Carcinogenesis, Mutagenesis and Impairment of Fertility: The carcinogenicity of budesonide was evaluated in mice which were exposed for a total of 91 weeks, at doses up to 200 mcg/kg/day (approximately ½ the maximum recommended daily inhalation dose in adults and children on a mcg/m² basis). There was no evidence of carcinogenicity in this study. Budesonide demonstrated a statistically significant increase in the incidence of gliomas at oral dose of 50 mcg/kg/day (approximately ¼ the maximum recommended daily inhalation dose on a mcg/m² basis) for 104 weeks in Sprague-Dawley rats; no such changes were seen in male rats receiving oral doses of 10 and 25 mcg/kg/day (approximately ¹/₂₀ and ¹/₈ the maximum recommended daily inhalation dose on a mcg/m² basis) or in female rats at oral doses up to 50 mcg/kg/day (approximately ¼ the maximum recommended human daily inhalation dose on a mcg/m² basis). There was no evidence of carcinogenicity in two other 104-week carcinogenicity studies (conducted with same dose in previous study) in male Sprague-Dawley and Fischer rats. Compared with concurrent controls, a statistically significant increase in the incidence of hepatocellular tumors was observed in all three steroid groups (budesonide, prednisolone, triamcinolone acetonide) in these studies.
Budesonide did not demonstrate any mutagenic or clastogenic effect in Ames Salmonella/microsome plate test, mouse micronucleus test, mouse lymphoma test, chromosome aberration test in human lymphocytes, sex-linked recessive lethal test in Drosophila melanogaster, and DNA repair analysis in rat hepatocyte culture.

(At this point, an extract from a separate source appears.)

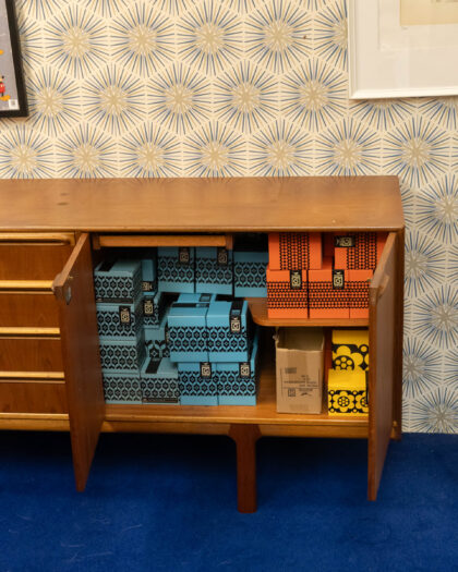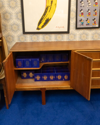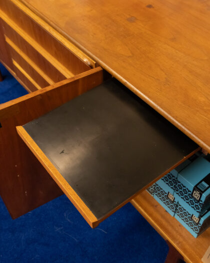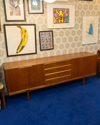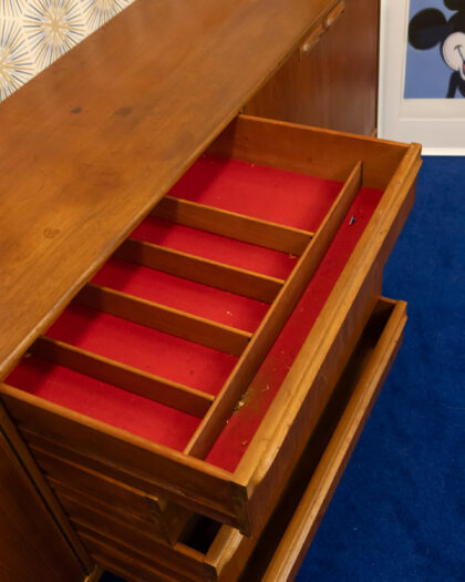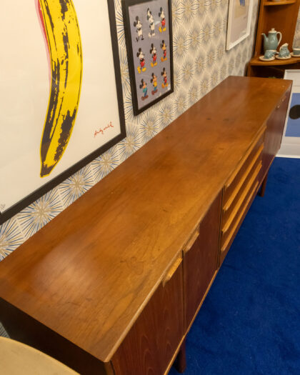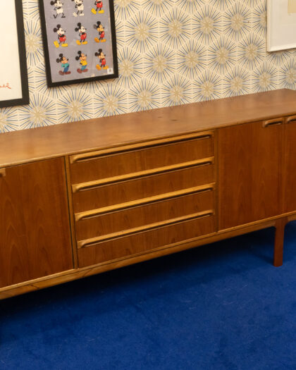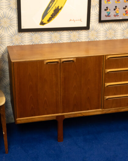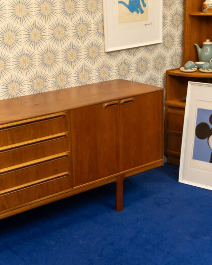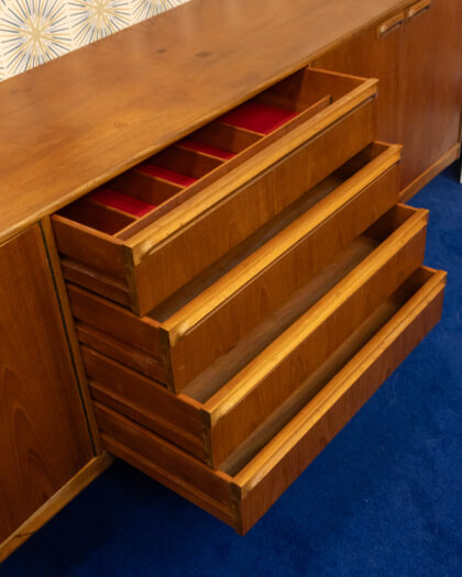 This stylish mid-century sideboard features a beautiful teak wood construction. It offers ample storage with both doors and drawers, combining functionality with a sleek design. Perfect for a living room, dining room, or hallway, this sideboard adds a touch of vintage charm to any space. The interior of the drawers are lined with red felt. The furniture shows age-related wear and tear and some marks.

Decreases in maternal body weight gain, prenatal vialibility, and viability of the young at birth and during lactation were observed following treatment with a dose of 20 mcg/kg/day (approximately ¹/₈ the maximum recommended daily inhalation dose in adults on a mcg/m² basis).
An increased incidence of brain gliomas in male rats, in a carcinogenicity study, could not be verified in a repeat study in which the incidence of gliomas did not differ between any of the groups on active treatment (budesonide, prednisolone, triamcinolone acetonide) and the control groups.

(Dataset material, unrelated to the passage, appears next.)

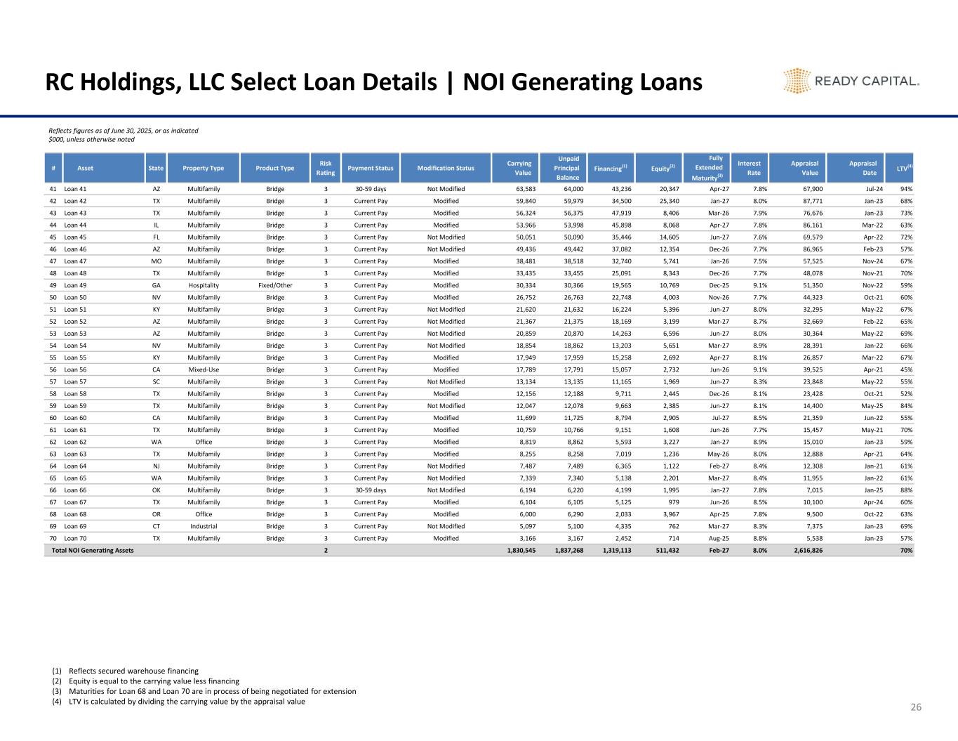 # Asset State Property Type Product Type Risk Rating Payment Status Modification Status Carrying Value Unpaid Principal Balance Financing(1) Equity(2) Fully Extended Maturity(3) Interest Rate Appraisal Value Appraisal Date LTV(4) 1 Loan 1 NJ Industrial Fixed/Other 1 Current Pay Not Modified 28,241 28,300 22,640 5,601 Jan-32 4.1% 51,700 Aug-22 55% 2 Loan 2 MA Industrial Bridge 1 Current Pay Not Modified 28,171 28,185 23,957 4,213 Nov-25 7.5% 50,591 Sep-21 56% 3 Loan 3 TX Multifamily Bridge 1 Current Pay Modified 28,050 28,191 22,348 5,702 Jun-26 7.7% 42,664 May-21 66% 4 Loan 4 TX Mobile Home Park Fixed/Other 1 Current Pay Not Modified 27,577 27,500 17,875 9,702 Jun-31 3.7% 39,500 Nov-24 70% 5 Loan 5 SC Multifamily Bridge 1 Current Pay Not Modified 22,232 22,239 18,904 3,328 Jan-26 7.8% 37,870 Nov-21 59% 6 Loan 6 FL Hospitality Bridge 1 Current Pay Modified 15,250 15,266 12,976 2,273 Feb-26 8.1% 25,000 Mar-24 61% 7 Loan 7 TX Mobile Home Park Fixed/Other 1 Current Pay Not Modified 8,271 8,285 6,620 1,651 Feb-27 4.6% 13,100 Dec-21 63% 8 Loan 8 AZ Multifamily Bridge 1 Current Pay Modified 7,618 7,630 6,479 1,139 Dec-26 8.2% 15,913 Nov-21 48% 9 Loan 9 PA Industrial Bridge 1 Current Pay Not Modified 5,247 5,250 4,463 784 Oct-26 8.0% 9,247 Sep-21 57% 10 Loan 10 GA Multifamily Bridge 1 Current Pay Not Modified 5,181 5,191 3,898 1,283 Nov-26 8.8% 8,324 Jun-22 62% 11 Loan 11 TX Multifamily Bridge 2 30-59 days Not Modified 63,284 63,600 39,098 24,187 Oct-26 10.5% 68,959 Mar-24 92% 12 Loan 12 FL Multifamily Bridge 2 Current Pay Modified 63,084 63,199 31,600 31,485 Feb-27 4.9% 93,916 Jan-21 67% 13 Loan 13 GA Multifamily Bridge 2 Current Pay Not Modified 62,344 62,431 43,698 18,646 Jul-28 7.2% 96,597 Jun-21 65% 14 Loan 14 AZ Multifamily Bridge 2 Current Pay Not Modified 54,438 55,117 47,060 7,378 Apr-29 8.8% 62,871 Mar-24 87% 15 Loan 15 CA Multifamily Bridge 2 Current Pay Not Modified 49,234 49,493 36,831 12,403 May-26 9.6% 48,848 Nov-24 101% 16 Loan 16 TX Multifamily Bridge 2 Current Pay Not Modified 44,934 45,000 34,875 10,059 Dec-25 7.5% 63,087 Jan-23 71% 17 Loan 17 CA Multifamily Bridge 2 Current Pay Not Modified 39,010 39,032 29,274 9,736 Nov-25 7.5% 58,543 Oct-21 67% 18 Loan 18 IN Multifamily Bridge 2 Current Pay Not Modified 38,698 38,715 28,903 9,795 Jul-27 8.6% 56,408 Jun-22 69% 19 Loan 19 CA Multifamily Bridge 2 Current Pay Not Modified 38,505 38,665 27,609 10,896 Oct-28 8.7% 49,100 Sep-23 78% 20 Loan 20 NY Multifamily Bridge 2 Current Pay Not Modified 35,480 35,481 19,868 15,612 Mar-27 9.2% 59,500 Aug-23 60% 21 Loan 21 AZ Multifamily Bridge 2 Current Pay Modified 34,929 35,226 23,763 11,165 Nov-26 7.6% 39,500 Oct-21 88% 22 Loan 22 AZ Multifamily Bridge 2 Current Pay Modified 33,746 33,922 20,243 13,504 Jun-26 7.7% 48,781 May-21 69% 23 Loan 23 CA Office Bridge 2 Current Pay Modified 24,885 24,887 18,690 6,195 Dec-25 9.2% 51,185 Dec-20 49% 24 Loan 24 CA Multifamily Bridge 2 Current Pay Modified 23,943 23,997 19,058 4,885 Nov-26 7.7% 34,320 Oct-21 70% 25 Loan 25 AZ Multifamily Bridge 2 Current Pay Not Modified 23,385 23,398 16,284 7,100 Oct-25 7.5% 34,005 Sep-21 69% 26 Loan 26 CA Office Bridge 2 Current Pay Not Modified 20,622 20,880 10,440 10,182 Feb-26 9.4% 22,200 Sep-24 93% 27 Loan 27 FL Hospitality Bridge 2 Current Pay Not Modified 19,127 19,303 11,361 7,766 Jun-28 9.8% 24,200 Apr-23 79% 28 Loan 28 NC Multifamily Bridge 2 Current Pay Not Modified 18,797 18,849 14,162 4,634 Jul-26 6.6% 26,000 Jun-23 72% 29 Loan 29 MD Office Bridge 2 Current Pay Modified 18,557 18,580 12,959 5,598 Jan-26 9.3% 27,000 Sep-23 69% 30 Loan 30 TX Multifamily Bridge 2 Current Pay Not Modified 18,429 18,435 13,826 4,603 Jul-27 8.1% 28,537 May-22 65% 31 Loan 31 NC Multifamily Bridge 2 Current Pay Modified 15,785 15,848 13,462 2,322 Nov-26 8.1% 21,000 Oct-24 75% 32 Loan 32 TX Multifamily Bridge 2 Current Pay Not Modified 13,734 13,740 10,305 3,429 Aug-27 9.1% 20,611 Feb-23 67% 33 Loan 33 TX Multifamily Bridge 2 Current Pay Not Modified 11,920 11,922 9,538 2,382 Jul-27 8.5% 19,458 May-22 61% 34 Loan 34 UT Multifamily Bridge 2 Current Pay Modified 10,198 10,219 8,154 2,043 Nov-26 7.8% 15,318 Oct-21 67% 35 Loan 35 CO Multifamily Bridge 2 Current Pay Modified 9,170 9,194 7,351 1,819 Nov-26 8.1% 11,920 Oct-21 77% 36 Loan 36 NY Mixed-Use Bridge 2 Current Pay Not Modified 8,586 8,620 6,896 1,690 Jan-27 8.6% 13,000 Mar-25 66% 37 Loan 37 FL Industrial Bridge 2 Current Pay Not Modified 7,928 7,933 6,737 1,191 Sep-27 8.2% 11,540 Aug-21 69% 38 Loan 38 OH Multifamily Bridge 2 Current Pay Not Modified 4,709 4,749 3,160 1,549 Dec-26 9.6% 6,700 Sep-23 70% 39 Loan 39 TX Multifamily Bridge 3 Current Pay Modified 78,562 80,342 47,529 31,032 Jul-27 8.1% 74,202 Apr-25 106% 40 Loan 40 GA Multifamily Bridge 3 Current Pay Not Modified 69,788 70,254 39,076 30,712 Feb-27 9.8% 79,000 Jul-24 88% RC Holdings, LLC Select Loan Details | NOI Generating Loans Reflects figures as of June 30, 2025, or as indicated $000, unless otherwise noted 25 (1) Reflects secured warehouse financing (2) Equity is equal to the carrying value less financing (3) Maturities for Loan 68 and Loan 70 are in process of being negotiated for extension (4) LTV is calculated by dividing the carrying value by the appraisal value

Liver changes (primary hepatocellular neoplasms) found in male rats in the original carcinogenicity study were noted again in the repeat study with budesonide, as well as with the reference glucocorticosteroids. These effects are most probably related to a receptor effect and thus represent a class effect.

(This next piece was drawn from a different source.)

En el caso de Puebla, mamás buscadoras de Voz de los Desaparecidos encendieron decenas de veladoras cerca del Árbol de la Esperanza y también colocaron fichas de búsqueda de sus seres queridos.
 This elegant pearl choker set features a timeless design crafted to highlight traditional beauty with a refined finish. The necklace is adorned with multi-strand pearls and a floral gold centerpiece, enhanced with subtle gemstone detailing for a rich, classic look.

Available clinical experience shows no indication that budesonide, or other glucocorticosteroids, induce brain gliomas or primary hepatocellular neoplasms in man.
In animal reproduction studies, corticosteroids such as budesonide have been shown to induce malformations (cleft palate, skeletal malformations). However, these animal experimental results do not appear to be relevant in humans at the recommended doses.
Animal studies have also identified an involvement of excess prenatal glucocorticosteroids, in increased risk for intrauterine growth retardation, adult cardiovascular disease and permanent changes in glucocorticoid receptor density, neurotransmitter turnover and behaviour at exposures below the teratogenic dose range.